Plaintiffs' Complaint lists twelve causes of action, each of which is asserted against "All Defendants." (See Compl. ¶¶ 38-120, ECF No. 1.) Defendants' Motion to Dismiss first asserts that all twelve causes of action fail to state a claim against the State Defendants in their official capacity. (Mot. to Dismiss 3:21-4:19, ECF No. 13.) Defendants' Motion to Dismiss also argues that Plaintiffs' first five causes of action, each of which ostensibly arises under 42 U.S.C. § 1983, also fail to state a claim against the State Defendants in their individual capacity. (Id. 4:20-22.) Rather than provide specific arguments related to each of these causes of action, the State Defendants have moved to Dismiss Plaintiffs' Complaint under two broad principles. First, the State Defendants assert that Plaintiffs' cannot maintain an action against the State Defendants in their official capacities because they are entitled to sovereign immunity under the Eleventh Amendment. Second, the State Defendants broadly assert that Plaintiffs have failed to state any causes of action against the State Defendants in their personal capacities.

A. Official Capacity Claims

Both parties agree that the Eleventh Amendment bars any claim for monetary relief against the State Defendants in their official capacities. "[A]n unconsenting State is immune from suits brought in federal courts by her own citizens . . . ." Pennhurst State Sch. & Hosp. v. Halderman, 465 U.S. 89, 100-01 (1984) (quoting Employees v. Mo. Pub. Health & Welfare Dep't, 411 U.S. 279, 280 (1973)). The Supreme Court has also stated that an official capacity claim is simply "another way of pleading an action against an entity of which an officer is an agent." Kentucky v. Graham, 473 U.S. 159, 165 (quoting Monell v. N.Y.C. Dep't of Soc. Servs., 436 U.S. 658, 690 n.55 (1978)). Thus, because both State Defendants are agents of the State of Nevada, any claims asserted against them in their official capacities are, in reality, claims against the State of Nevada. Therefore, under the Eleventh Amendment, an action for monetary relief against the State of Nevada and its agents is barred. Plaintiffs' claims against the State Defendants in their official capacities must be dismissed with prejudice.

The Supreme Court has recognized a narrow exception to this rule for actions against state officials in which plaintiffs seek prospective injunctive relief from unconstitutional conduct.

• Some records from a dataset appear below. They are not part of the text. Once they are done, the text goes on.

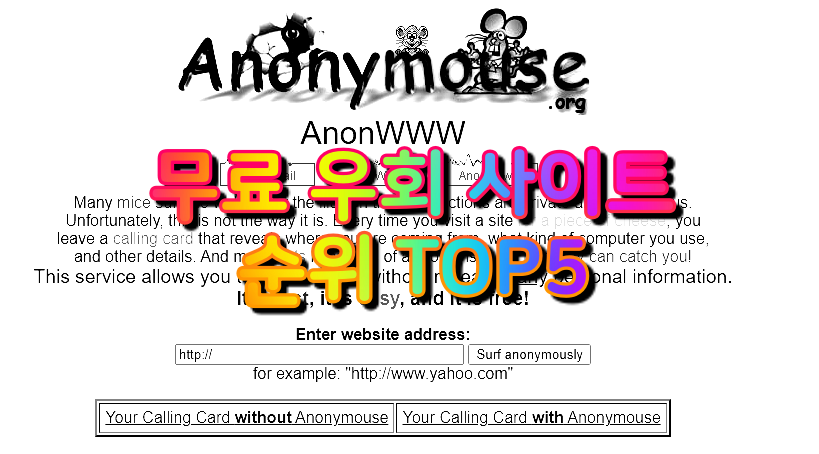 anonymouse.org사이트는 익명의 성격을 띠는 어나니머스를 본뜬 사이트로 본인이 원하는 사이트를 입력하면 웹프록시 우회를 통해 곧바로 사이트로 연결됩니다.
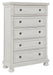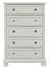 Elegant, timeless furnishings take your bedroom to the next level. Nothing does that better than this chest. The antiqued white finish with a wonderful grain texture radiates sophistication, while the dark bronze-tone hardware adds an ornate touch. A felt-lined top drawer rounds out the piece for the ultimate tasteful bedroom.
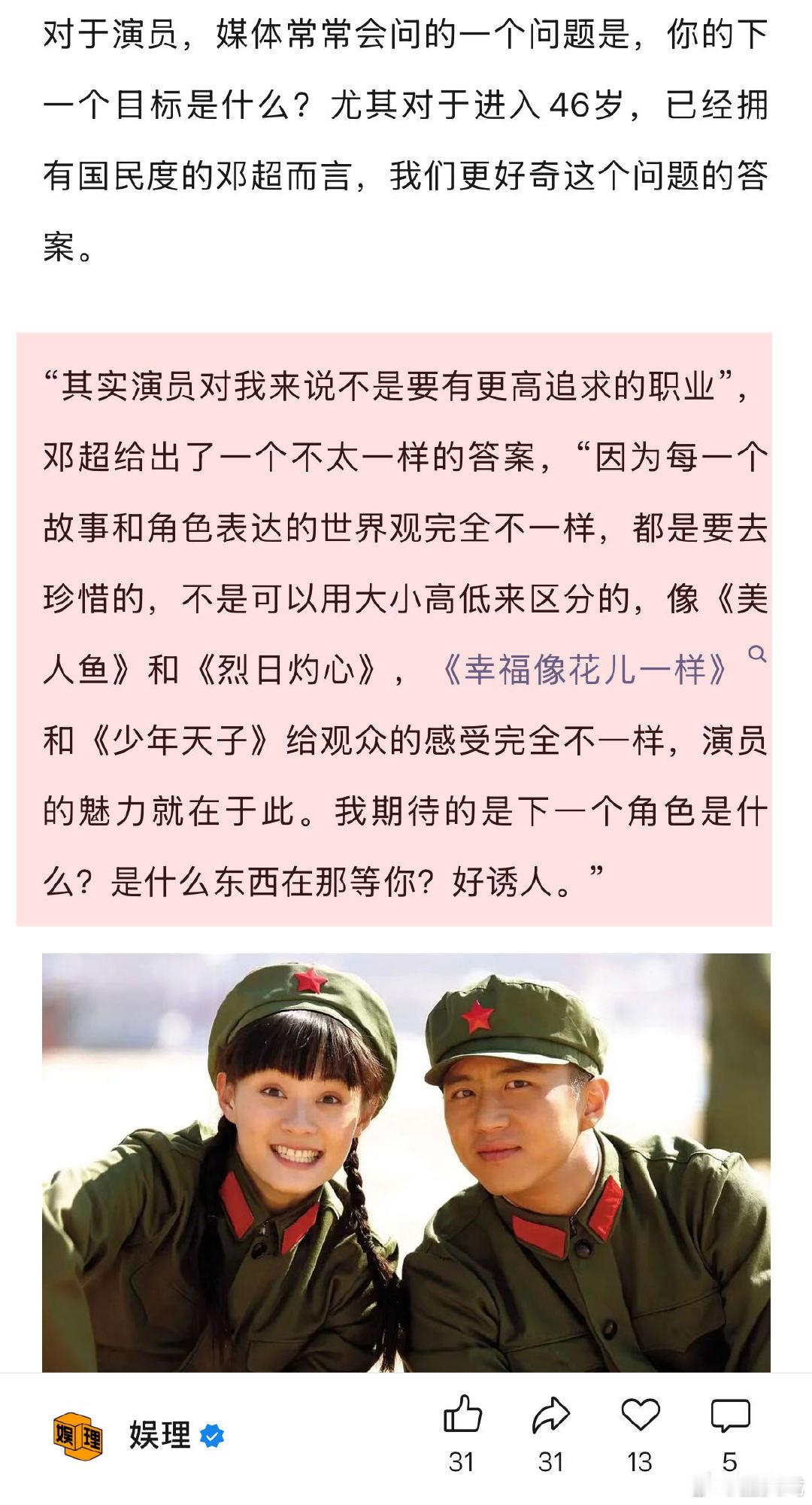 邓超说孙俪是自己的老师 邓超演赤发鬼难到掉头发 谈及综艺明星与电影演员身份会不会冲突的问题,并不避讳。“我想要更多元化的更大的舞台,可能每个人看法不一样,或者有人在意颁奖、在意排列顺序,所以才会造成某一种说法,但是我们可以有新的说法…我好奇真人秀是什么?我就去做了。但其实我一共也就做了两个真人秀而已。”娱理独家↓
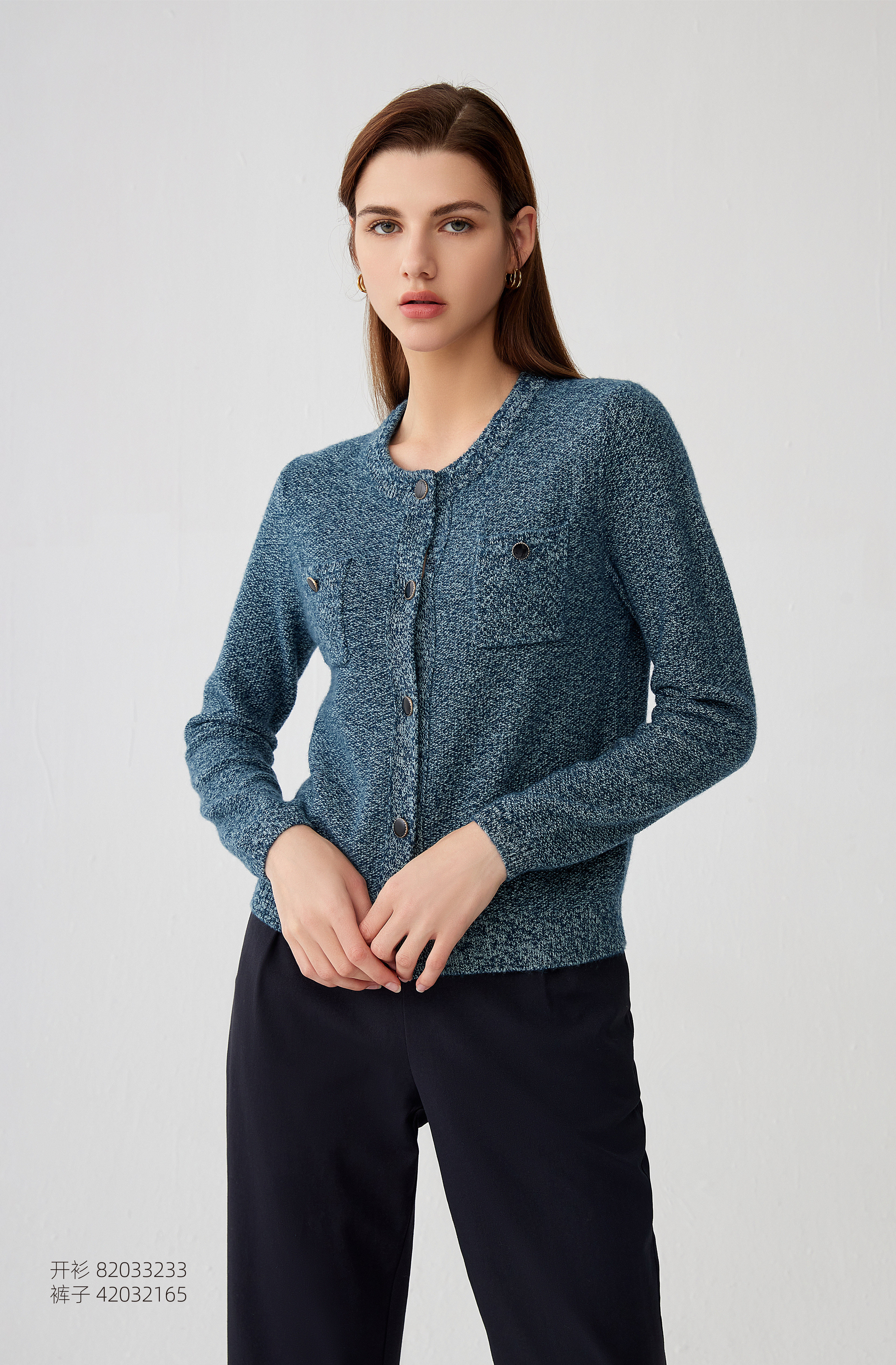【纯羊绒混色纱羊绒开衫】羊绒世家秋冬新品女士100%山羊绒开衫舒适百搭针织小外套

Ex Parte Young, 209 U.S. 123, 159-160 (1908)). However, Plaintiffs expressly stated that they are not seeking such relief. (Resp. 5:9-10, ECF No. 17.) Accordingly, Plaintiffs' claims against the State Defendants in their official capacities are dismissed with prejudice.

B. Individual Capacity Claims

"Personal-capacity suits . . . seek to impose individual liability upon a government officer for actions taken under color of state law. Thus, . . . 'to establish personal liability in a § 1983 action, it is enough to show that the official, acting under color of state law, caused the deprivation of a federal right.'" Hafer v. Melo, 502 U.S. 21, 25 (citation omitted) (quoting Kentucky v. Graham, 473 U.S. 159, 166 (1985)). When a plaintiff asserts personal liability, any judgment against that person "comes from the official's own resources . . . [thus,] the Eleventh Amendment is not implicated, because the claim is truly against the individual, not the State." Suever v. Connell, 579 F.3d 1047, 1060 (9th Cir. 2009).

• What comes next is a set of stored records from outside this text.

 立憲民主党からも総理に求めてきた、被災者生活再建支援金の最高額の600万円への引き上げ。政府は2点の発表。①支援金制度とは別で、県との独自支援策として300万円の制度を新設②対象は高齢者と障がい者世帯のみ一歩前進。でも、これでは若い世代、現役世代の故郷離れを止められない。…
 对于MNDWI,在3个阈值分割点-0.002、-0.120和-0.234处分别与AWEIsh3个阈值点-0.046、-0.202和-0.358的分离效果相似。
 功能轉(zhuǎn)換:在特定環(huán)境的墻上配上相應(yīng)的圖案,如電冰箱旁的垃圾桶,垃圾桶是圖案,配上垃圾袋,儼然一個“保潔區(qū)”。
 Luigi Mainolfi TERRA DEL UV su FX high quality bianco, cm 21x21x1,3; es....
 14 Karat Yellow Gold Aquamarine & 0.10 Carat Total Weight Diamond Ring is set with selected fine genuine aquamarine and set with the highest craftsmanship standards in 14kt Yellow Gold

In Suever, the Ninth Circuit affirmed the district court's dismissal of a complaint that alleged that plaintiff's injuries were caused by unspecified policies and decisions. 579 F.3d at 1061 -62. The Ninth Circuit rejected the complaint by expressly recognizing that such allegations fail to identify the exact policy decisions that the state official made or how these decisions caused the alleged harm to the plaintiffs. Id. at 1062. Furthermore, the Ninth Circuit criticized the complaint for failing to "differentiate at all among the four named defendants" and failed "to tie any particular harm that any particular plaintiff allegedly suffered to any discrete action taken by [the state official]." Id. Thus, the court held that the district court properly dismissed the individual capacity claims. Id.

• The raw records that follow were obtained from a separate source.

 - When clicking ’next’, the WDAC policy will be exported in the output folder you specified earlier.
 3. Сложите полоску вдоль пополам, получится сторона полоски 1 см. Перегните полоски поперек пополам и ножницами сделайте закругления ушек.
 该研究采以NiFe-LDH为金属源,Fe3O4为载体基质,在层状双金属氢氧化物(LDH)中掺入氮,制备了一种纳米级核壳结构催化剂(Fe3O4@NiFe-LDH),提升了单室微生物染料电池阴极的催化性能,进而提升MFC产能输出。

Here, similar to the plaintiffs in Suever, Plaintiffs have failed to identify "discrete action" taken by either Defendant Michael Willden or Defendant Amber Howell. In contrast, the Complaint collectively refers to "Defendants," without differentiating how each defendant caused the alleged deprivation. For example, in Plaintiffs' First Cause of Action, Plaintiffs merely alleged that "Defendants' conduct deprived ALEXANDER of his clearly established and well-settled rights under the Fourteenth Amendment . . .." (Compl. ¶ 39, ECF No. 1.) Plaintiffs follow this broad assertion with a litany of "failures" by the "Defendants," yet at no point do Plaintiffs identify the actions attributable to each of the State Defendants. (See Compl. ¶¶ 39-46.) This broad categorization of the alleged wrongful actions of "Defendants" continues in each of the five causes of actions that the State Defendants now challenge. (See Compl. ¶¶ 47-75.) Accordingly, under Suever v. Connell, courts in the Ninth Circuit require additional facts before a claim for individual capacity can survive a motion to dismiss. 579 F.3d at 1062 ("[The Complaint] says nothing about what the 'internal policy decisions' were, or about how they purportedly harmed Plaintiffs. Rather, it again merely challenges the policies and customs continued by [the State Official] . . . . [The Complaint] fails to differentiate at all among the four named defendants."); see also Henry A. v. Willden, 678 F.3d 991, 1004 (9th Cir. 2012) (holding that a complaint is too general to state allegations against state officials in their personal capacity when "[m]ost of the allegations in the complaint simply reference 'Defendants,' without specifying whether the conduct at issue was committed by the named State officials").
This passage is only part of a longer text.